Agentic web research tool — smarter than search, faster than deep research. Search, scrape, and synthesize web content using LLMs.
Project description
web-scout-ai
Grounded web research for agents and apps.
One async call to discover sources, read real pages and documents, close coverage gaps, and return a cited synthesis.
Why This Exists
Most web tools stop too early.
- Search APIs give you snippets and links, not enough context to answer reliably.
- Single-page scrapers can read one URL well, but they do not know what to read next.
- Full deep-research agents often produce good work, but they can be slower, more expensive, and harder to control in production flows.
web-scout-ai is the middle path: a deterministic research pipeline that is stronger than search-only tooling and much lighter than open-ended research agents.
What It Actually Does
web-scout-ai does not just search and summarize. It runs a full research loop:
- Generate targeted search queries.
- Search the web with Serper or DuckDuckGo.
- Triage the best URLs across result sets.

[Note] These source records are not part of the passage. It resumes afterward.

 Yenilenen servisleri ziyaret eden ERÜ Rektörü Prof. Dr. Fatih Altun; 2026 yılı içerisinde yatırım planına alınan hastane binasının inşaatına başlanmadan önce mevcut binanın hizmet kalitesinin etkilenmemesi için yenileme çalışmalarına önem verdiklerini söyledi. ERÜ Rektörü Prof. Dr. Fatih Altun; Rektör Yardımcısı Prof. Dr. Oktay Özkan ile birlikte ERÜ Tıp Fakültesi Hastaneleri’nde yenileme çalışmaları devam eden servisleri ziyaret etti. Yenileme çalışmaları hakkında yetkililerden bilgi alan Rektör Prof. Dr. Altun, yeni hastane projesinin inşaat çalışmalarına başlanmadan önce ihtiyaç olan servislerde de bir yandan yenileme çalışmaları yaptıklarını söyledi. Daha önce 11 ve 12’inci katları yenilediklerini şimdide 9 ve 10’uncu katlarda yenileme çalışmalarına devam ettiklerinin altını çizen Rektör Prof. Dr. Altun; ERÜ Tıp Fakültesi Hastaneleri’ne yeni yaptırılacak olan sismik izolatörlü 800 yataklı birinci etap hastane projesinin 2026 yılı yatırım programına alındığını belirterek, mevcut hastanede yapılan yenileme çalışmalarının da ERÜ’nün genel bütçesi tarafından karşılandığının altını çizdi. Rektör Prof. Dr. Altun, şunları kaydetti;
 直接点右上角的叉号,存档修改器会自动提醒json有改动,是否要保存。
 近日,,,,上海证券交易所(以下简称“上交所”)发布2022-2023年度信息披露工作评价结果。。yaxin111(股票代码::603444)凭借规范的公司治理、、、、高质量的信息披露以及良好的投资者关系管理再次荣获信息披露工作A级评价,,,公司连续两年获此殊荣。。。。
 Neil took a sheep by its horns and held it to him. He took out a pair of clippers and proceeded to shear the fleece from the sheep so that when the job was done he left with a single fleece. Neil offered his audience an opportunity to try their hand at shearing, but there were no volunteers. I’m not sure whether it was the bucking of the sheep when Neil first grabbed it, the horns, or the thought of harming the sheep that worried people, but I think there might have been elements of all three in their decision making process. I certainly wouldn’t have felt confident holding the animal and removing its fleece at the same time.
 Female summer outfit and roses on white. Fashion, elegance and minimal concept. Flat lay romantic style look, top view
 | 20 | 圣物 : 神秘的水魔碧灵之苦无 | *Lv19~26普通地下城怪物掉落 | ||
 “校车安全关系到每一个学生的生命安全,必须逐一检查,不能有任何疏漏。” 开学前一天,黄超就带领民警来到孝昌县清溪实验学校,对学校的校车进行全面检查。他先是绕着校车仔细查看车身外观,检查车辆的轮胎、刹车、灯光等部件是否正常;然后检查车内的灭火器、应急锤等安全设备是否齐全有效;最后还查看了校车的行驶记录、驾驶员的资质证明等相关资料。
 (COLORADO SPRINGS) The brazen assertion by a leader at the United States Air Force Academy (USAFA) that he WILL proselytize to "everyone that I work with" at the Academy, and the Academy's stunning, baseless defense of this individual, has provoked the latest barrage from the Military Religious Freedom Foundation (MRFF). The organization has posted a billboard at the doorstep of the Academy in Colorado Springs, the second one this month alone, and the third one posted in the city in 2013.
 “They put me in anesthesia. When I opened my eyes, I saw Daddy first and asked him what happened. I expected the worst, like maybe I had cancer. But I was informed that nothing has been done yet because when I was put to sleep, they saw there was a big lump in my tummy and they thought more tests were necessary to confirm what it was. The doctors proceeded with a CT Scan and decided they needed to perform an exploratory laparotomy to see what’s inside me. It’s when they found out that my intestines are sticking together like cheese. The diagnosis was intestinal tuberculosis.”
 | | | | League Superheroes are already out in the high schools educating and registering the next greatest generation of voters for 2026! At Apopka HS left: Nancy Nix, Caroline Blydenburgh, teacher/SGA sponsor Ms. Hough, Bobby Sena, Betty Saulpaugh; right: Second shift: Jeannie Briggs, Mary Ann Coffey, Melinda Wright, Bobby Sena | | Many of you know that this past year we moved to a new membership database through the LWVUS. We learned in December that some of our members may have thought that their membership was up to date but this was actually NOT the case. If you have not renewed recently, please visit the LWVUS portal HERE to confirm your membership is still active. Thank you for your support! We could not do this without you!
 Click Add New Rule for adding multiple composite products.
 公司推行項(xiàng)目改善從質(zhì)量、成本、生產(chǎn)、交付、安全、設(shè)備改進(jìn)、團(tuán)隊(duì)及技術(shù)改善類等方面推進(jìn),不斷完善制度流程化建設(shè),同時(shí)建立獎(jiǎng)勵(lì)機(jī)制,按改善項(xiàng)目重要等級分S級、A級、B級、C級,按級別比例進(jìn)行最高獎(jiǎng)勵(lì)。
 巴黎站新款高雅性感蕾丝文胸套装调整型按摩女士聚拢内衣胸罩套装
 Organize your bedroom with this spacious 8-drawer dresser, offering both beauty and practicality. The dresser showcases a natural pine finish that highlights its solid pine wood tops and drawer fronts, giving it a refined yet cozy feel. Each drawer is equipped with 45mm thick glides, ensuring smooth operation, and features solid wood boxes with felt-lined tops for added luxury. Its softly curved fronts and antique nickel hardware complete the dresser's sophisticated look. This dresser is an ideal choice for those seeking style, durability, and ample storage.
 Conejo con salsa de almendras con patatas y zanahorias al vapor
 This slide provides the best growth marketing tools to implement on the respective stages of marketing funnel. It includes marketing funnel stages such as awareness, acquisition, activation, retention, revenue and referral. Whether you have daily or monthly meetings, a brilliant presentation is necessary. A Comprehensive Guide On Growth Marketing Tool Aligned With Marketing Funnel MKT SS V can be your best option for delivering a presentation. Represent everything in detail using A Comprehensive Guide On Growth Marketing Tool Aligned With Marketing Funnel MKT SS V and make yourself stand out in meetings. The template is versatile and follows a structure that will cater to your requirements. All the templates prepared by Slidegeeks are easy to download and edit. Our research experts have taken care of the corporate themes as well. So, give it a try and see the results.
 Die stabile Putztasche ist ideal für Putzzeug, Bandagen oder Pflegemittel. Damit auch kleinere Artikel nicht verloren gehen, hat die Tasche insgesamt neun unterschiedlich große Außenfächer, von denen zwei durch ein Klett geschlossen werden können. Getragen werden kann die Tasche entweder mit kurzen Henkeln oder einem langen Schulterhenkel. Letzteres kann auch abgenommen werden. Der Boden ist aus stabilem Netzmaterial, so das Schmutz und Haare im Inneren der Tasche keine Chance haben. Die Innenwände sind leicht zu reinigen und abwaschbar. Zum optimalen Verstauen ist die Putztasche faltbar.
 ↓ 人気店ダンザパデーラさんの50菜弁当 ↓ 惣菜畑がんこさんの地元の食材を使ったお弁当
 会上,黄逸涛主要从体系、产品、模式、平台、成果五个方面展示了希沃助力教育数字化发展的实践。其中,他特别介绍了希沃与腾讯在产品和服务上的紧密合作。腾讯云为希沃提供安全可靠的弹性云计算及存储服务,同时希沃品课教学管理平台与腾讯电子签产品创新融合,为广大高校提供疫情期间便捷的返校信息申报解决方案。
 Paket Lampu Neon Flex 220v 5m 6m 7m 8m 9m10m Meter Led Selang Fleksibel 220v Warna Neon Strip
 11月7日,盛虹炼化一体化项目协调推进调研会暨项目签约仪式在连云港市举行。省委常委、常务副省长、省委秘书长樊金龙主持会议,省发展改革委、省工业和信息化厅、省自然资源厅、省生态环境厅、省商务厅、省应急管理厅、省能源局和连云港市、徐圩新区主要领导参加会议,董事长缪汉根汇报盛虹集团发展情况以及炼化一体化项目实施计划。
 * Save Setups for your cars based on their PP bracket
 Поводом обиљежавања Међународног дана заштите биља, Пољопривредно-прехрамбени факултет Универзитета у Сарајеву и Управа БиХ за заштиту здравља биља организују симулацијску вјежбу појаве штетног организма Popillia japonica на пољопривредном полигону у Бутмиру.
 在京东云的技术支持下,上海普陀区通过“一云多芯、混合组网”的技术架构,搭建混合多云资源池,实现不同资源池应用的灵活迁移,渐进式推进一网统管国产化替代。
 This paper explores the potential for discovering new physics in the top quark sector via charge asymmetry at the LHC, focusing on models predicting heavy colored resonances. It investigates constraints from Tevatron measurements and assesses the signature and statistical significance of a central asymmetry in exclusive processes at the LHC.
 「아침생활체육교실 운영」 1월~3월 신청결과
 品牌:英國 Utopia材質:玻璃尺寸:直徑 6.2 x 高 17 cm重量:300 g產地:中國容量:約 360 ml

- Scrape and extract relevant content in parallel.
- Evaluate whether the evidence actually answers the question.
- Reuse promising backlog URLs or run follow-up searches if coverage is still weak.
- Produce a grounded synthesis with inline citations.
- Run a deterministic citation check before returning the final answer.
That gives you a practical balance of depth, speed, and control in one function: run_web_research(...).
Why It Feels Different
It reads sources, not snippets
Each selected URL is scraped and converted into a substantial query-relevant extract before synthesis.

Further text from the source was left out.